Kampar Terima Penghargaan Atas Capaian Imunisasi Tertinggi di Riau.

PEKANBARU. Kabupaten Kampar resmi dinobatkan sebagai daerah dengan capaian program imunisasi terbaik di Provinsi Riau tahun 2025. Penghargaan  ini diserahkan langsung oleh Dinas Kesehatan Provinsi Riau di Pekanbaru, sebagai bentuk apresiasi atas keberhasilan Kampar memimpin peringkat pertama dalam pemenuhan imunisasi rutin lengkap, mengungguli 11 kabupaten/kota lainnya.

Penghargaan tersebut diserahkan langsung pada tanggal 4 Maret 2026 oleh Kepala Dinas Kesehatan Provinsi Riau, Zulkifli, S.Kep., MH, didampingi Tim Kerja Imunisasi Bayi dan Balita Kementerian Kesehatan RI beserta Kabid  P2P dan Kasi Survim Dinas Kesehatan Provinsi Riau dalam kegiatan Workshop Peningkatan Cakupan Imunisasi Fasyankes Swasta Provinsi Riau Tahun 2026 di Gedung BPSDM Provinsi Riau.

Penghargaan  tersebut diterima oleh Ketua Tim Kerja Imunisasi, Ns Bustami S. Kep MPd mewakili Kepala Dinas Kesehatan Kampar dr. Asmara Fitrah Abadi,. MM. Capaian ini mencakup keberhasilan dalam Imunisasi Dasar Lengkap (IDL), Imunisasi Baduta Lengkap, hingga suksesnya introduksi antigen baru seperti PCV-2 (mencegah pneumonia) dan ROTA-3 (mencegah diare berat), serta imunisasi TT2+ pada ibu hamil.

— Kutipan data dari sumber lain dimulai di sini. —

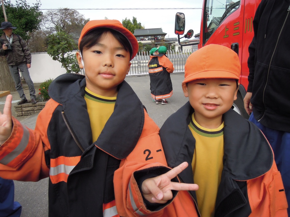 消防団の方にも来ていただき、消防車の見学をしたり、お仕事の内容を聞いたりしました。みんな夢中になって消防車を見ていました。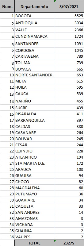 Casos de Covid-19 por regiones de Colombia a 8 de julio de 2021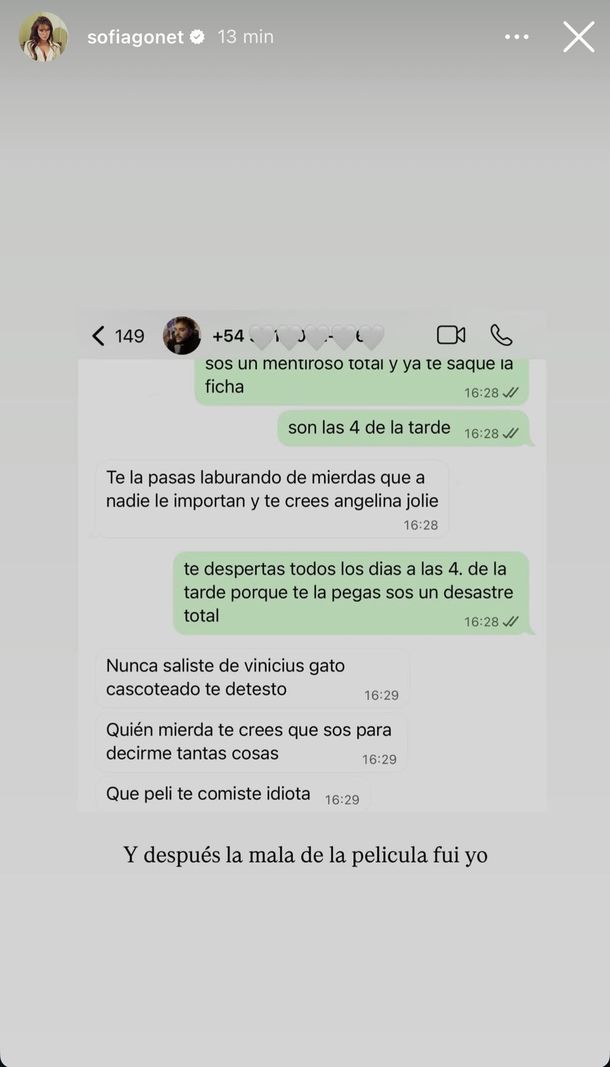 Sofía “La Reini” Gonet decidió romper el silencio y lo hizo de la forma más explosiva: compartiendo en sus historias de Instagram una serie de capturas de chats que atribuyó a Homero Pettinato, donde se leen mensajes cargados de insultos, agresiones y descalificaciones personales.

Bustami S. Kep MPd yang mewakili Kepala Dinas Kesehatan Kampar menyatakan bahwa prestasi ini adalah momentum untuk memperkuat layanan kesehatan dasar. "Penghargaan ini merupakan buah dari kerja keras seluruh tenaga kesehatan di puskesmas dan peran aktif kader posyandu di desa serta dukungan TP. PKK Kabupaten Kampar beserta lintas sektor terkait", tuturnya.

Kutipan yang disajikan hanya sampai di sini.